I think there may be some confusion about how much energy it takes to respond to a single query or generate boilerplate code. I can run Llama 3 on my computer and it can do those things no problem. My computer would use about 6kWh if I ran it for 24 hours, a person in comparison takes about half of that. If my computer spends 4 hours answering queries and making code then it would take 1kWh, and that would be a whole lot of code and answers. The whole thing about powering a small town is a one-time process when the model is made, so to determine if that it worth it or not it needs to be distributed over everyone who ends up using the model that is produced. The math for that would be a bit trickier.
When compared to the amount of energy it would take to produce a group of people that can do question answering and code writing, I’m very certain that the ai model method is considerably less. Hopefully, we don’t start making our decision about which one to produce based on energy efficiency. We may, though, if the people that choose the fate of the masses sees us like livestock, then we may end up having our numbers reduced in the name of efficiency. When cars were invented, horses didn’t end up all living in paradise. There were just a whole lot less of them around.

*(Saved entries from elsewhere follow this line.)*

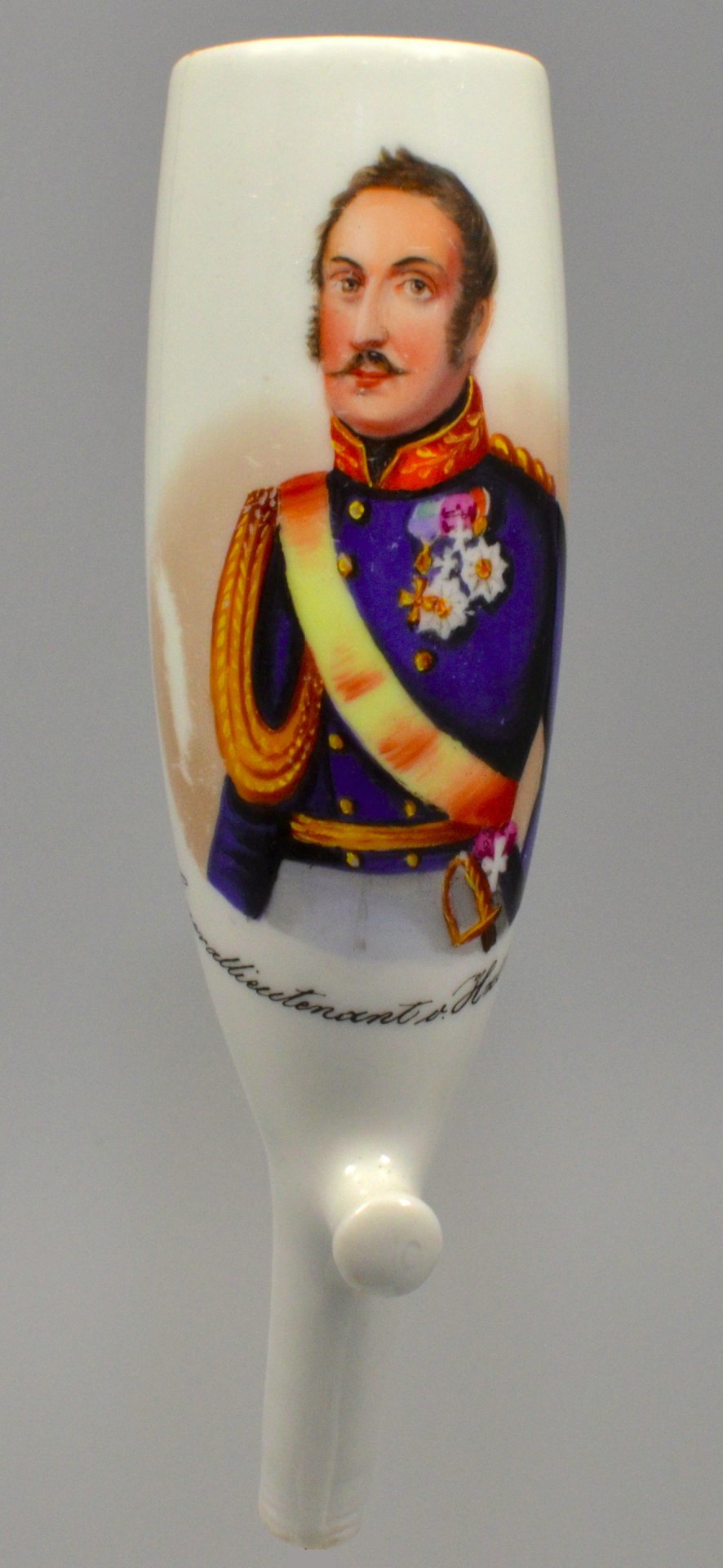 Pfeifenstummel aus Porzellan, Berliner Form, auf der Wandung mit bunten Muffelfarben zur Hälfte  den gesamten Korpus umspannende Darstellung von Generalleutnant von Halkett, Ferse mit Presszahl 10, H.: 14,7cm
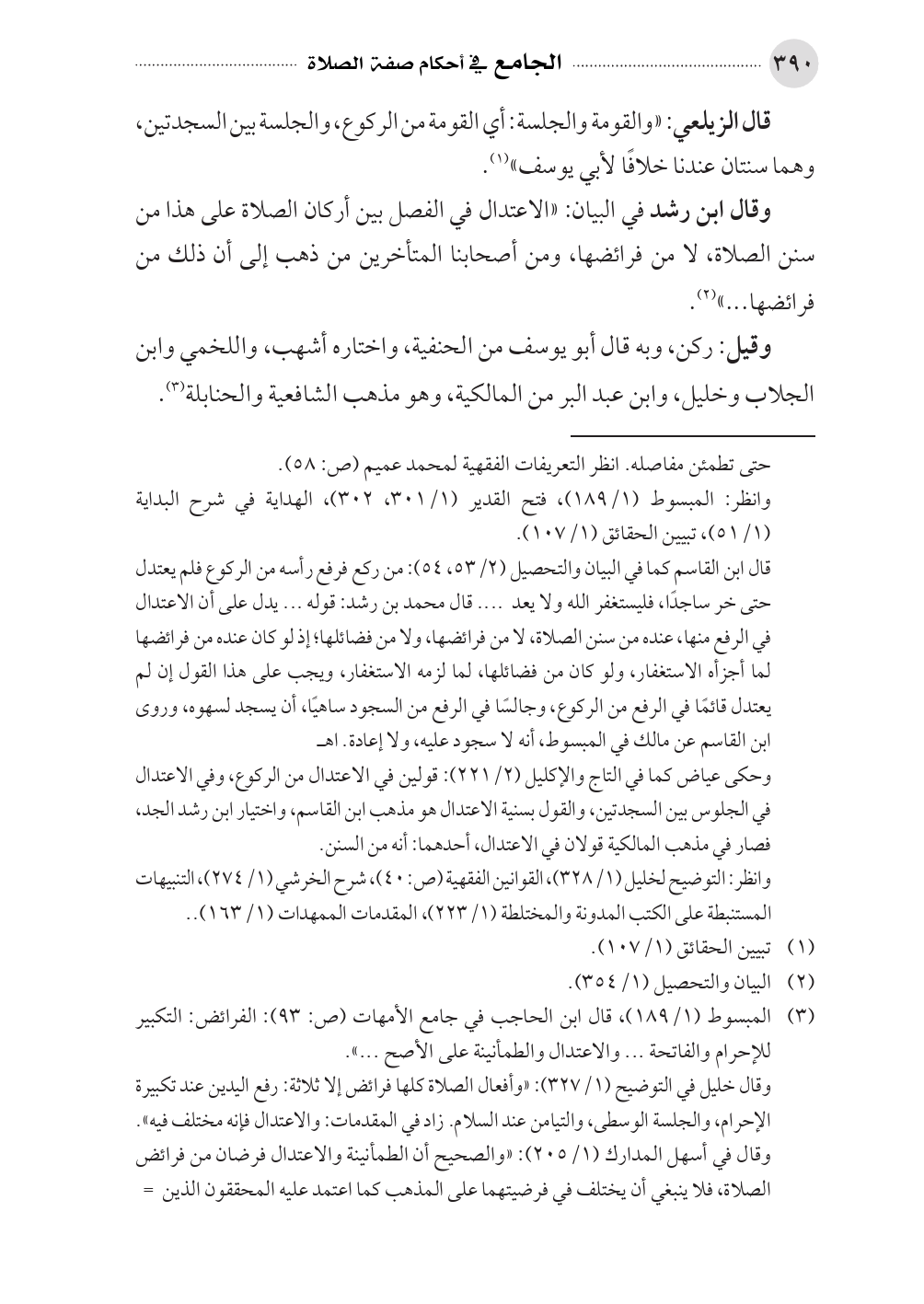 وقال ابن رشد في البيان: «الاعتدال في الفصل بين أركان الصلاة على هذا من سنن الصلاة، لا من فرائضها، ومن أصحابنا المتأخرين من ذهب إلى أن ذلك من فرائضها ... » (¬٢).
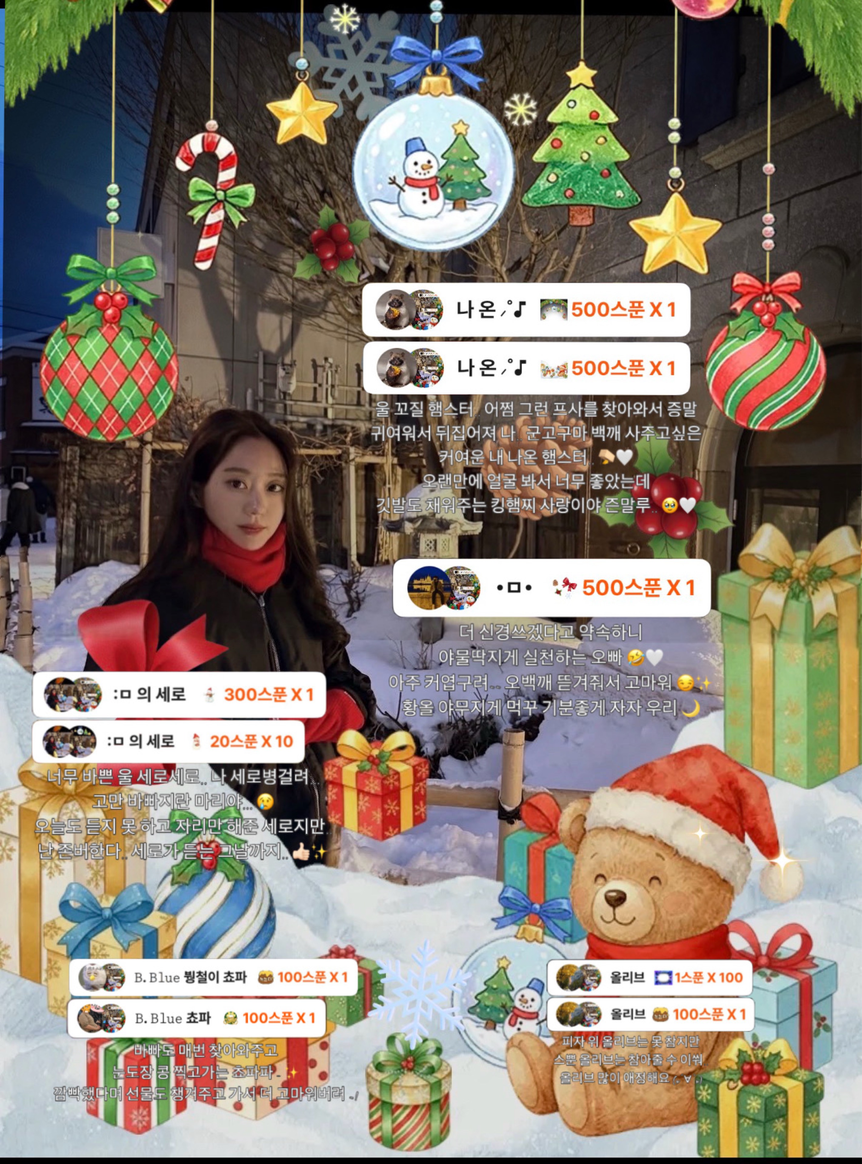 크리스마스가 이제 일주일 남았네요 😖.. 크리스마스 시즌스푼 중 가장 먼저 선물해주신 분의 이름을 넣어서 박제해드립니다! 그리고.. 🎁 1~50스푼 = 뽑기권 1장 100스푼 ~300스푼 = 뽑기권 3장 500스푼 ~ 800스푼 = 뽑기권 6장 1000스푼 ~ 1500스푼 = 뽑기권 = 10장 2000스푼 ~ 3000스푼 = 뽑기권 30장 7486스푼 = 뽑기권 70장 남은 기간동안 선물해주신 분들 중 랜덤으로 닉네임을 뽑아 네모가 직접 준비한 선물을 드립니다! ( 시즌스푼이 사라지면 자동 종료됩니다.)
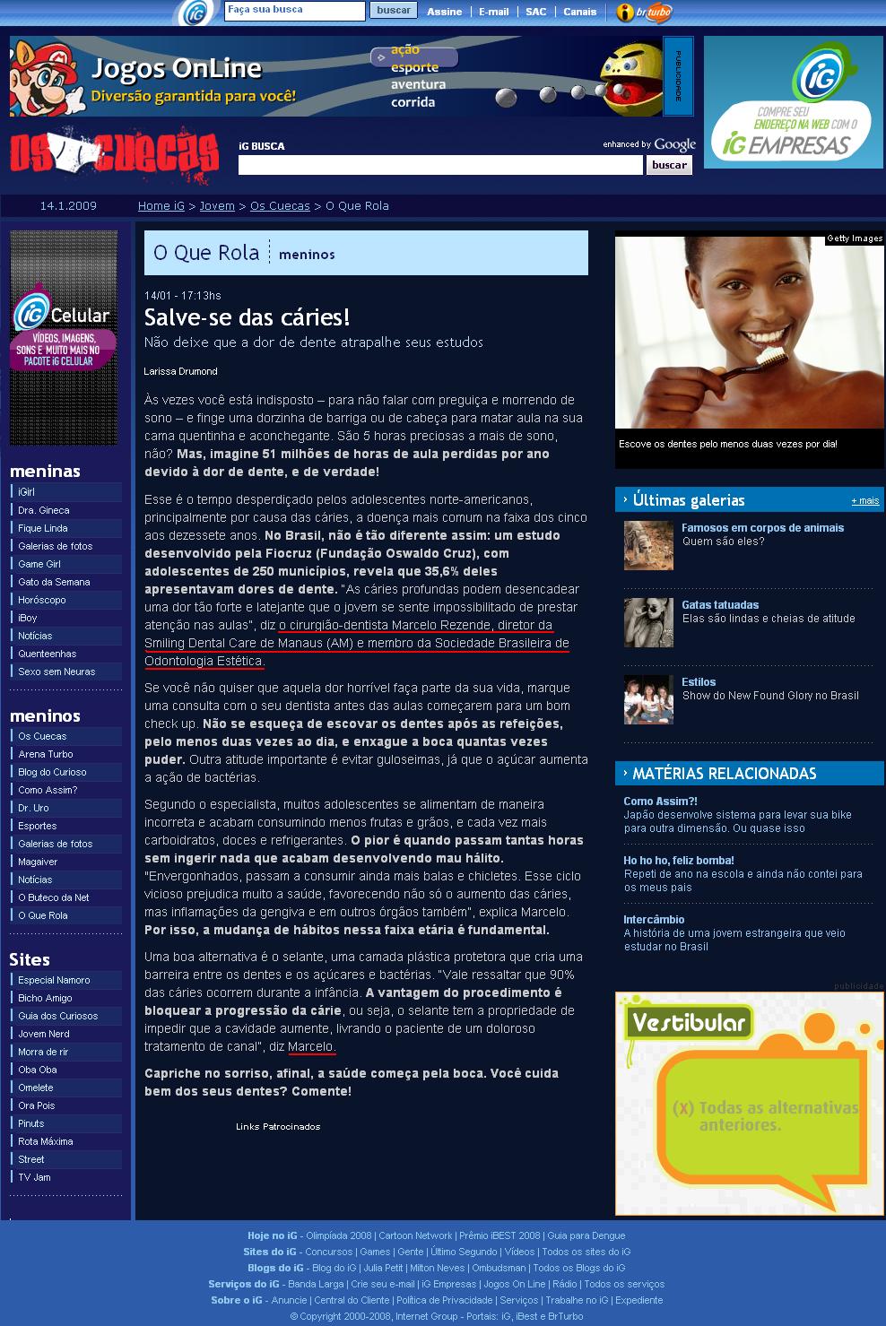 Portal IG (Chamada de capa + Matéria) - Jovens são alvo da dor de dente
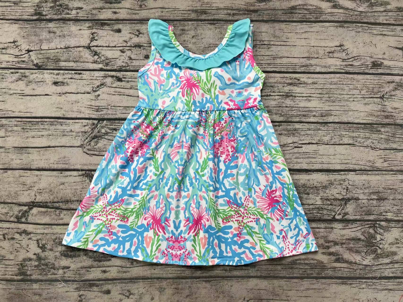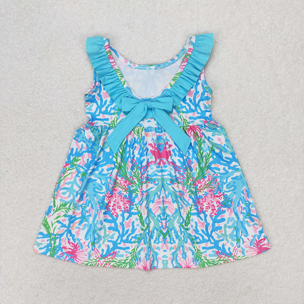 Baby Girls Blue Flowers Ruffle Knee Length Dresses
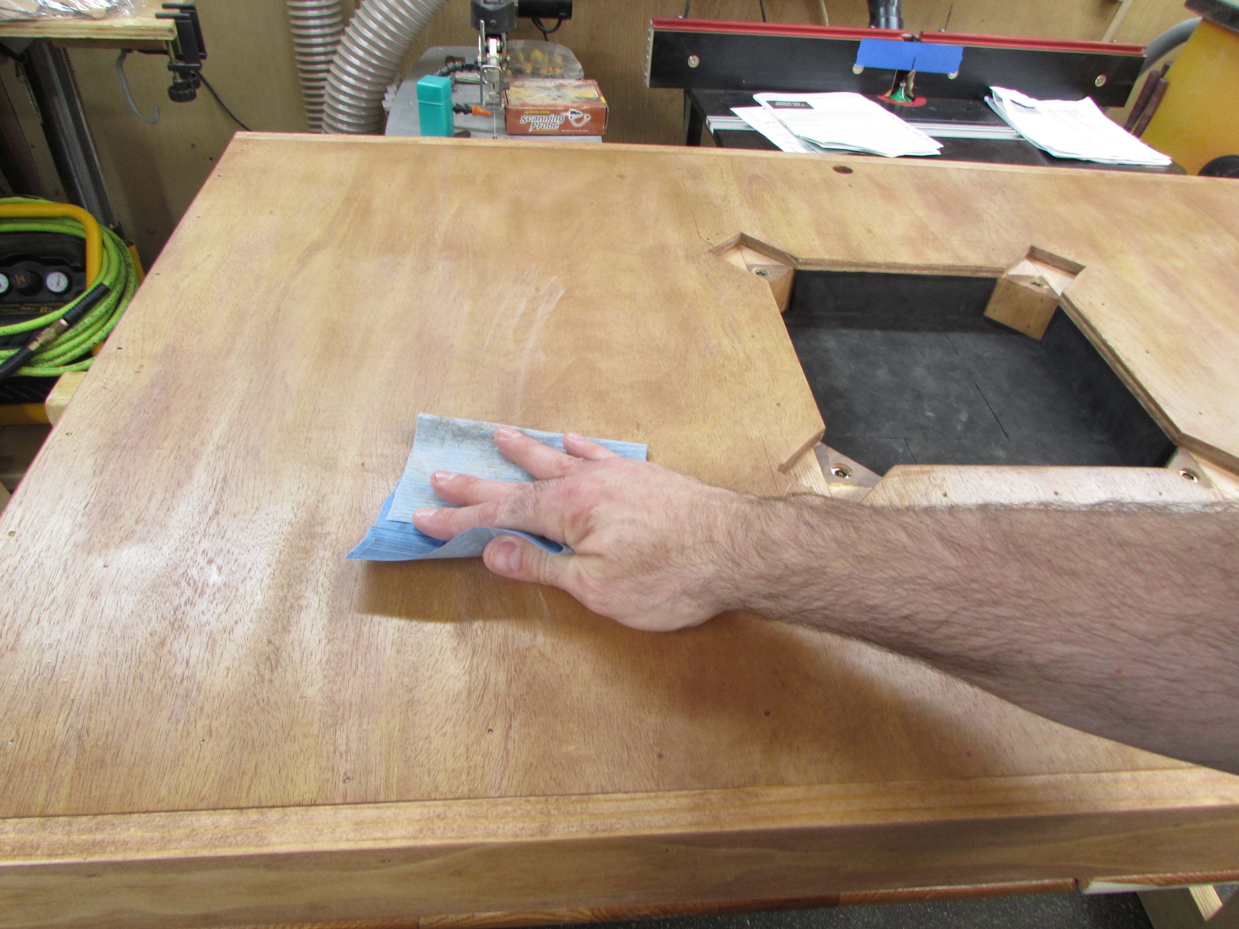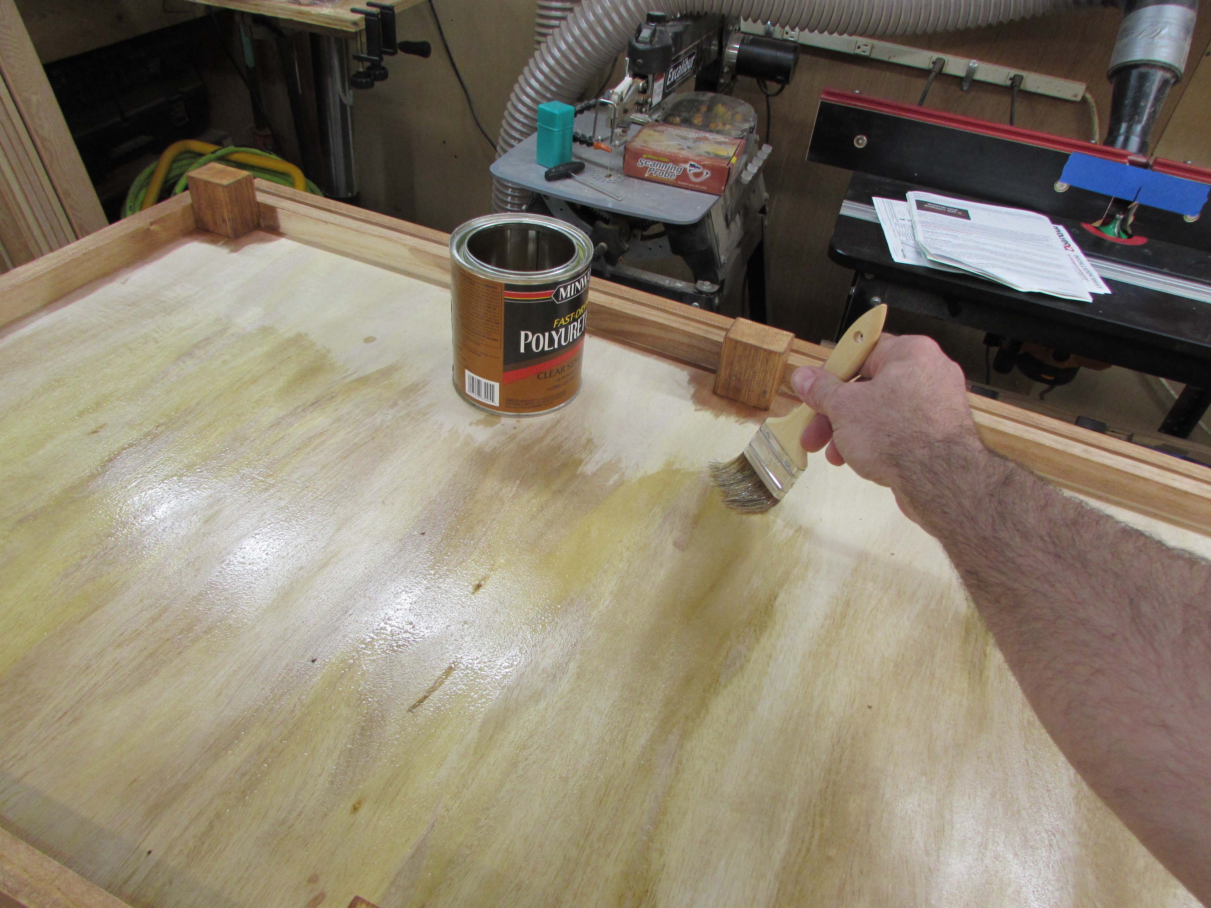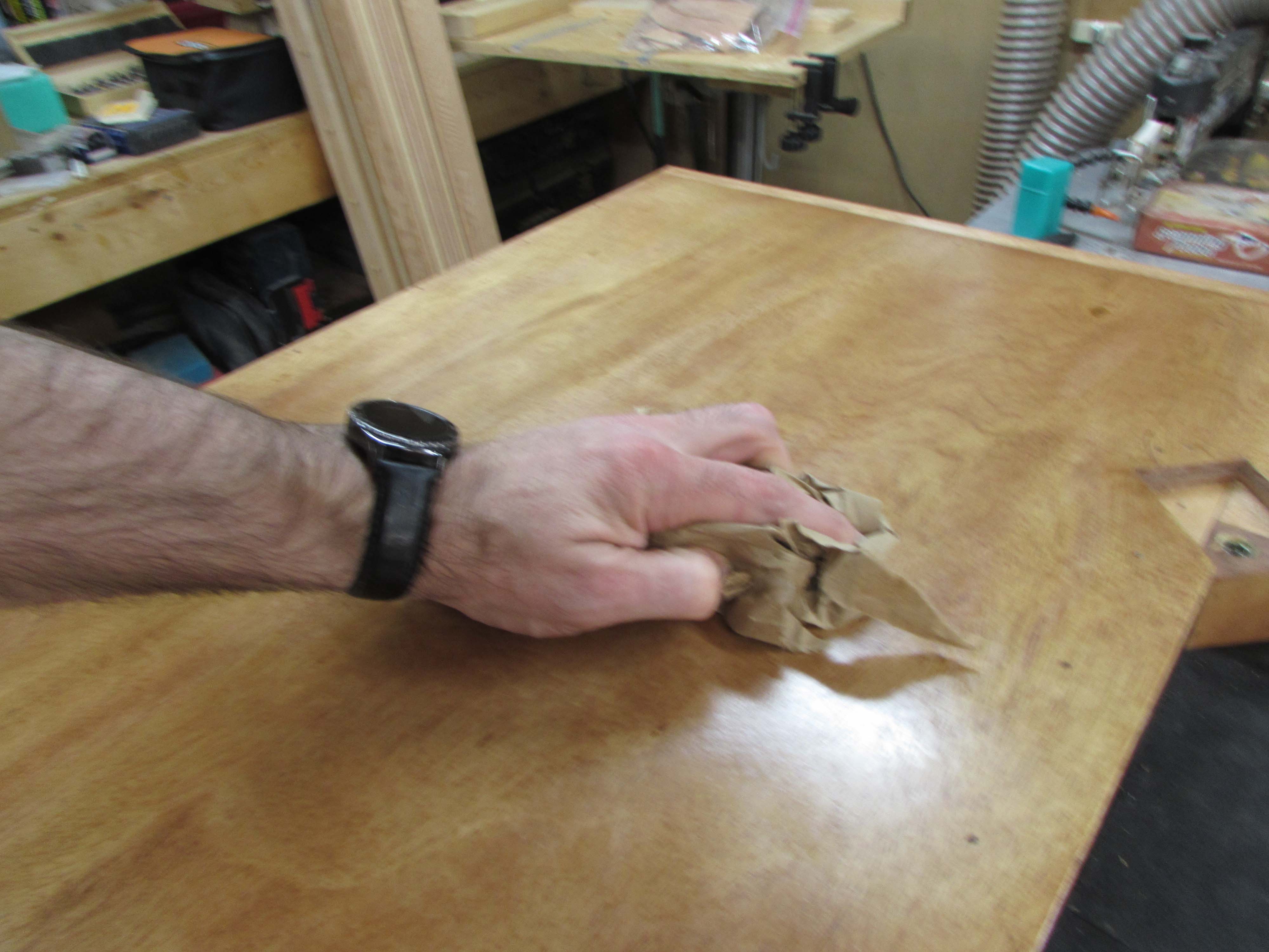 The process was repeated again for the third coat and when that was dry, I rubbed down all of the urethaned surfaces with a crumpled piece of brown paper to remove any remaining dust nibs and polish up the surface a bit.

d3Xt3r@beehaw.org 6 months ago
That’s going to change in the future with NPUs (neural processing units) being bundled with both regular CPUs (such as the Ryzen 8000 series) and mobile SoCs (such as the Snapdragon 8 Gen 3). The NPU included with the the SD8Gen3 for instance can run models like Llama 2 - something an desktop would normally struggle with. Now this is only the 7B model mind you, so it’s a far cry from more powerful models like the 70B, but this will only improve in the future. Over the next few years, NPUs - and applications that take advantage of them - will be a completely normal thing, and it won’t require a household’s worth of energy. I mean, we’re already seeing various applications of it, eg in smartphone cameras, photo editing app, digital assistants etc. The next would be I guess autocorrect and word prediction, and I for one can’t wait to ditch our current, crappy markov keyboards.